DIRECTIONS – Exclude the images, then return every line below exactly as written.

AVAILABLE DATA Block Start

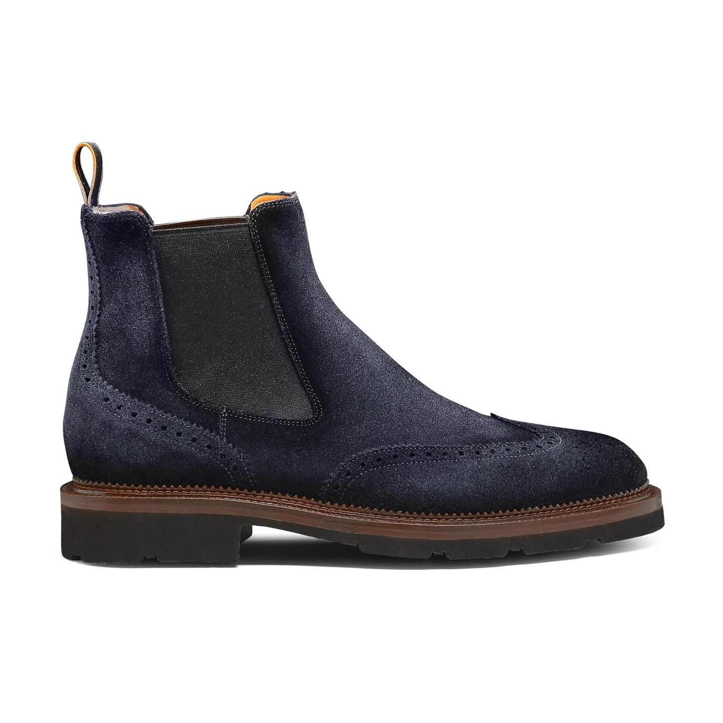 Classic elegance meets contemporary charm. Crafted from fine suede with quintessential brogue detailing, this Chelsea boot is characterised by elasticated side inserts and a rear pull tab that make slipping it on and off a breeze. But what truly sets this shoe apart is its structured yet lightweight construction, featuring a multi-layer sole with a leather welt and chunky rubber tread. Product details Product ID: MCCO19116JL4GRVRU59 - Crafted from suede - Color: blue - Brogue detailing - Rounded silhouette with tapered toe - Elasticated side inserts - Logo tape pull tab - Leather welt - Chunky rubber sole - Printed Santoni logo on the insole - Made in Le Marche, Italy
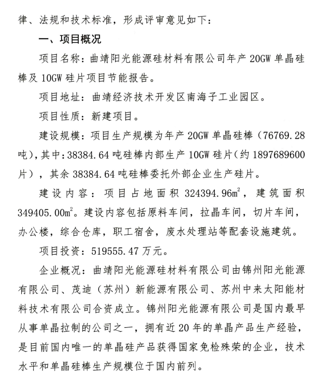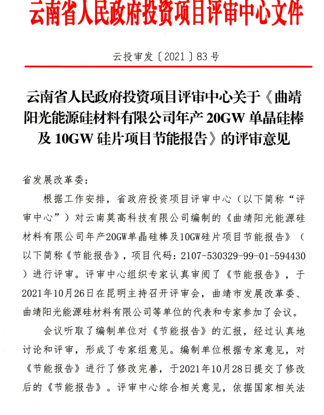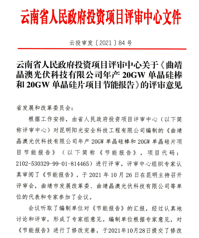 從云南發(fā)改委官網(wǎng)獲悉:11月2日,云南省發(fā)展和改革委員會(huì)發(fā)布通告,原則同意曲靖陽(yáng)光能源硅材料有限公司年產(chǎn)20GW單晶硅棒及10GW硅片項(xiàng)目節(jié)能報(bào)告、曲靖晶澳光伏科技有限公司年產(chǎn)20GW單晶硅棒和20GW單晶硅片項(xiàng)目節(jié)能報(bào)告的審查意見。
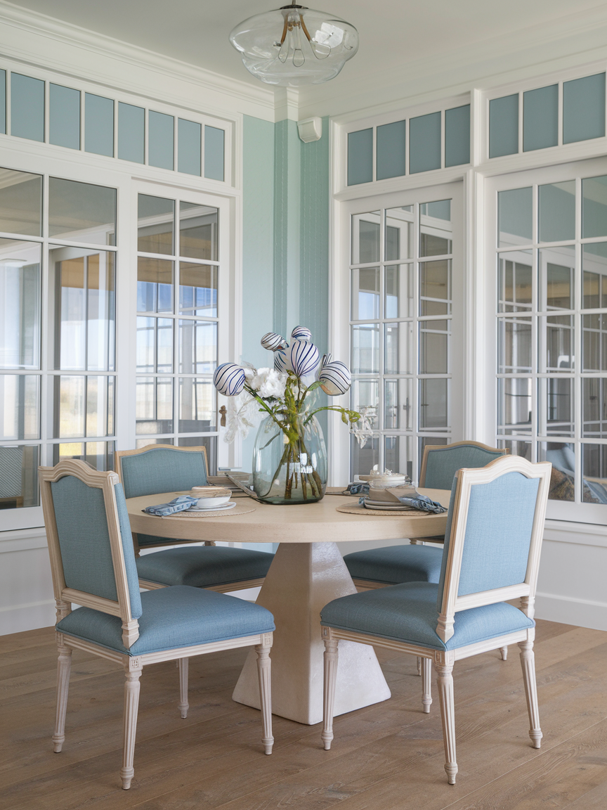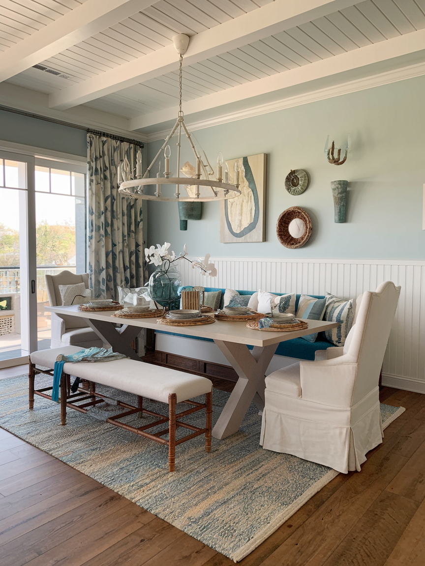 A neutral base layered with coastal hues creates a serene and visually cohesive dining space. Soft whites, warm creams, and sandy beiges establish a calming foundation, while accents of muted blue, seafoam green, or dusty aqua introduce a gentle coastal influence. This palette reflects natural elements like the ocean and shoreline, making the room feel peaceful and refreshing. The subtle color variations prevent the space from feeling flat while maintaining harmony. This approach also allows flexibility, making it easy to update decor seasonally without disrupting the overall aesthetic.
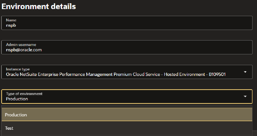 重要: NetSuite Planning and BudgetingおよびNetSuite Account Reconciliationの環境を作成する場合、常に「ホストされる環境」を選択します
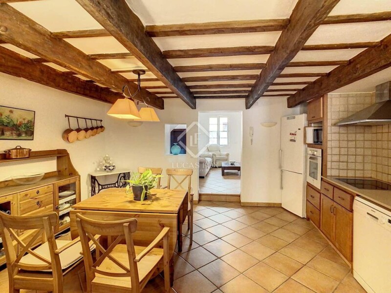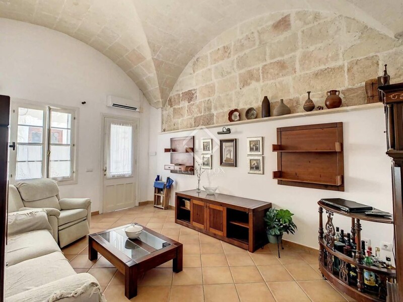 244 m² house with a 6 m² patio, a 35 m² terrace and a 40 m² solarium with spectacular views of the historic center of Ciutadella. Currently the house is divided into two houses with separate entrances. The first house occupies the ground floor. Upon entering, we are greeted by a spacious living room with sandstone vaults, which then leads us to the kitchen-dining room with exposed wooden beams. Through a small corridor, we access the semi-basement floor with a huge open space with a sandstone vault. In the corridor, through sliding doors, we have a single bedroom. Following the corridor with built-in wardrobes, we find a bathroom and another double bedroom also with a built-in wardrobe and access to the 6 m² patio with a laundry room. This house has split air conditioning and heating and is ready to move into. Upon entering the second home, we are greeted by an entrance staircase that leads us to a semi-floor with a large living room with sandstone vaults. From here, following the corridor, we find two bedrooms and a bathroom. Continuing up the stairs, we reach the first floor where we have another double bedroom. Another flight of stairs takes us to the second floor where we find a quite spacious mezzanine and a kitchen open to a large dining room with a wood-burning fireplace and access to a splendid 35 m² south-facing terrace. Finally, we arrive at the 40 m² terrace-solarium with spectacular views of the historic center of Ciutadella. This unique house needs updating, but it is perfect for those who want to keep the two houses or reform it into a single house. Contact us for more information or to arrange a visit.
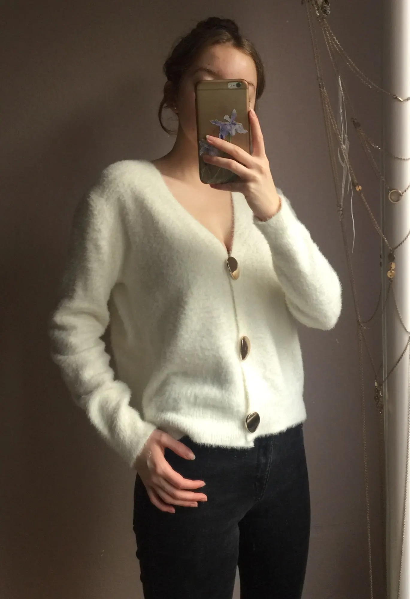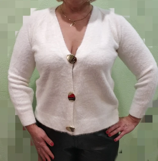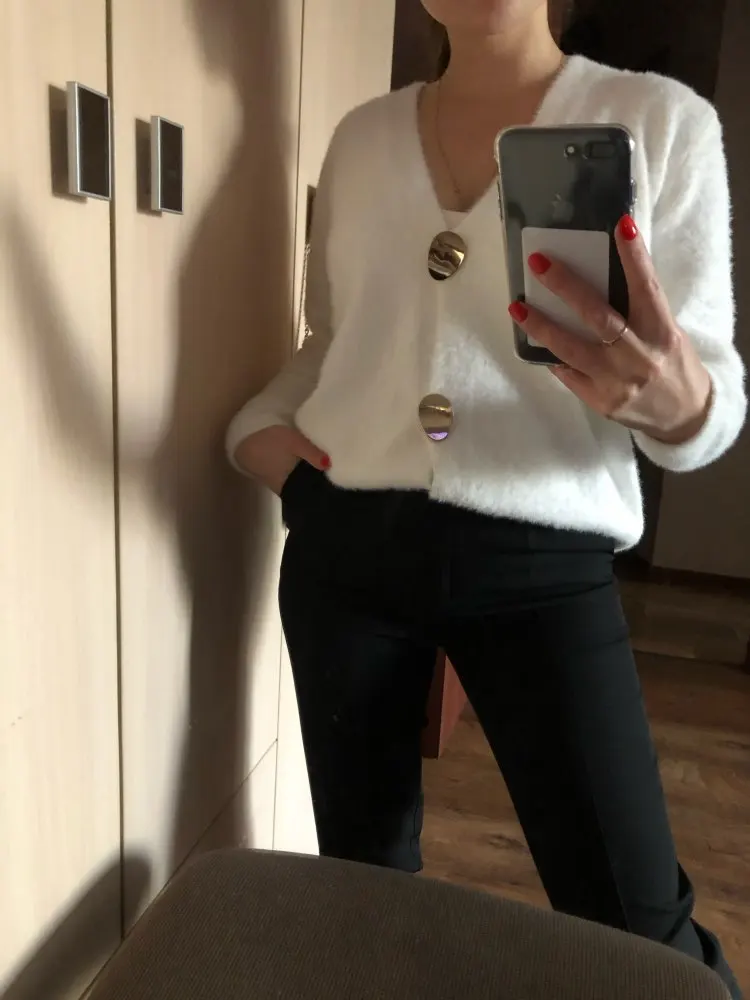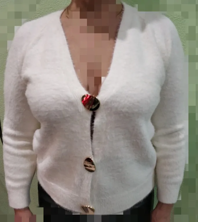 кофта бомба! очень мягкая, приятная к телу, пушистая. на российский 44,рост 163см села отлично. вырез довольно глубокий получается, но мне нравится. пуговицы тяжелые, красивые. в целом смотрится очень дорого, довольна очень
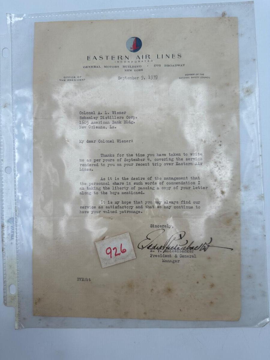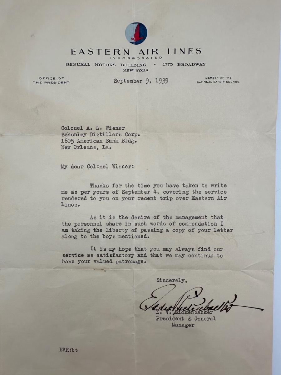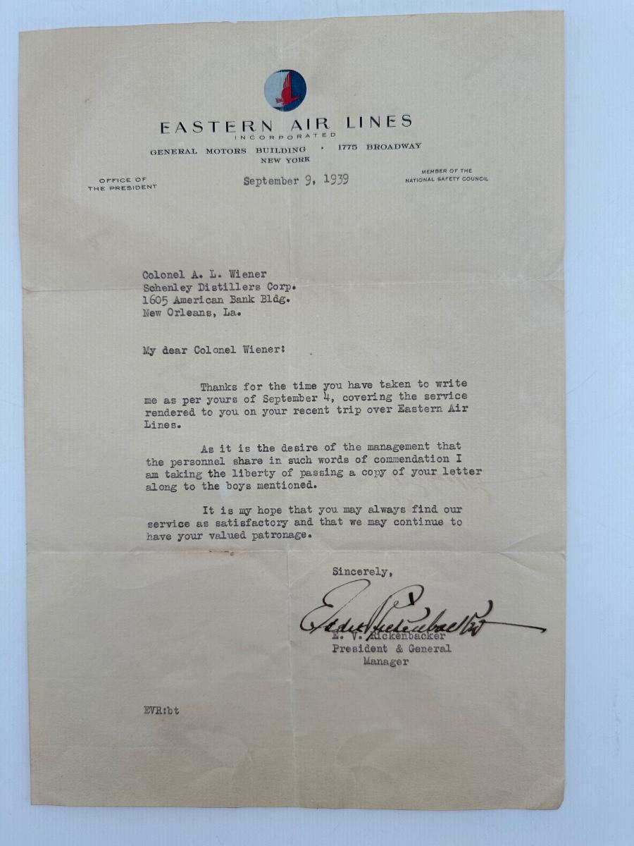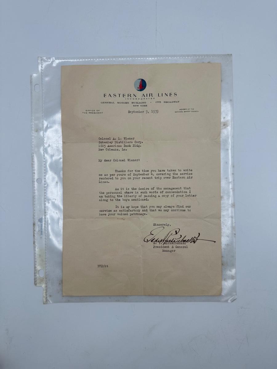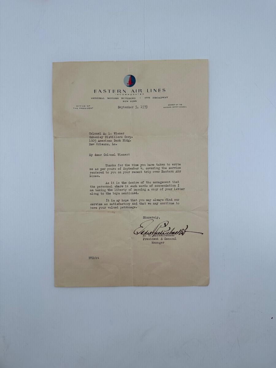 Rickenbacker Letter to Colonial Wiener, Eastern Airlines, 1939

AVAILABLE DATA Block End

WRITTEN ANSWER –
 Classic elegance meets contemporary charm. Crafted from fine suede with quintessential brogue detailing, this Chelsea boot is characterised by elasticated side inserts and a rear pull tab that make slipping it on and off a breeze. But what truly sets this shoe apart is its structured yet lightweight construction, featuring a multi-layer sole with a leather welt and chunky rubber tread. Product details Product ID: MCCO19116JL4GRVRU59 - Crafted from suede - Color: blue - Brogue detailing - Rounded silhouette with tapered toe - Elasticated side inserts - Logo tape pull tab - Leather welt - Chunky rubber sole - Printed Santoni logo on the insole - Made in Le Marche, Italy
 從云南發(fā)改委官網(wǎng)獲悉:11月2日,云南省發(fā)展和改革委員會(huì)發(fā)布通告,原則同意曲靖陽(yáng)光能源硅材料有限公司年產(chǎn)20GW單晶硅棒及10GW硅片項(xiàng)目節(jié)能報(bào)告、曲靖晶澳光伏科技有限公司年產(chǎn)20GW單晶硅棒和20GW單晶硅片項(xiàng)目節(jié)能報(bào)告的審查意見。
 A neutral base layered with coastal hues creates a serene and visually cohesive dining space. Soft whites, warm creams, and sandy beiges establish a calming foundation, while accents of muted blue, seafoam green, or dusty aqua introduce a gentle coastal influence. This palette reflects natural elements like the ocean and shoreline, making the room feel peaceful and refreshing. The subtle color variations prevent the space from feeling flat while maintaining harmony. This approach also allows flexibility, making it easy to update decor seasonally without disrupting the overall aesthetic.
 重要: NetSuite Planning and BudgetingおよびNetSuite Account Reconciliationの環境を作成する場合、常に「ホストされる環境」を選択します
 244 m² house with a 6 m² patio, a 35 m² terrace and a 40 m² solarium with spectacular views of the historic center of Ciutadella. Currently the house is divided into two houses with separate entrances. The first house occupies the ground floor. Upon entering, we are greeted by a spacious living room with sandstone vaults, which then leads us to the kitchen-dining room with exposed wooden beams. Through a small corridor, we access the semi-basement floor with a huge open space with a sandstone vault. In the corridor, through sliding doors, we have a single bedroom. Following the corridor with built-in wardrobes, we find a bathroom and another double bedroom also with a built-in wardrobe and access to the 6 m² patio with a laundry room. This house has split air conditioning and heating and is ready to move into. Upon entering the second home, we are greeted by an entrance staircase that leads us to a semi-floor with a large living room with sandstone vaults. From here, following the corridor, we find two bedrooms and a bathroom. Continuing up the stairs, we reach the first floor where we have another double bedroom. Another flight of stairs takes us to the second floor where we find a quite spacious mezzanine and a kitchen open to a large dining room with a wood-burning fireplace and access to a splendid 35 m² south-facing terrace. Finally, we arrive at the 40 m² terrace-solarium with spectacular views of the historic center of Ciutadella. This unique house needs updating, but it is perfect for those who want to keep the two houses or reform it into a single house. Contact us for more information or to arrange a visit.
 кофта бомба! очень мягкая, приятная к телу, пушистая. на российский 44,рост 163см села отлично. вырез довольно глубокий получается, но мне нравится. пуговицы тяжелые, красивые. в целом смотрится очень дорого, довольна очень
 Rickenbacker Letter to Colonial Wiener, Eastern Airlines, 1939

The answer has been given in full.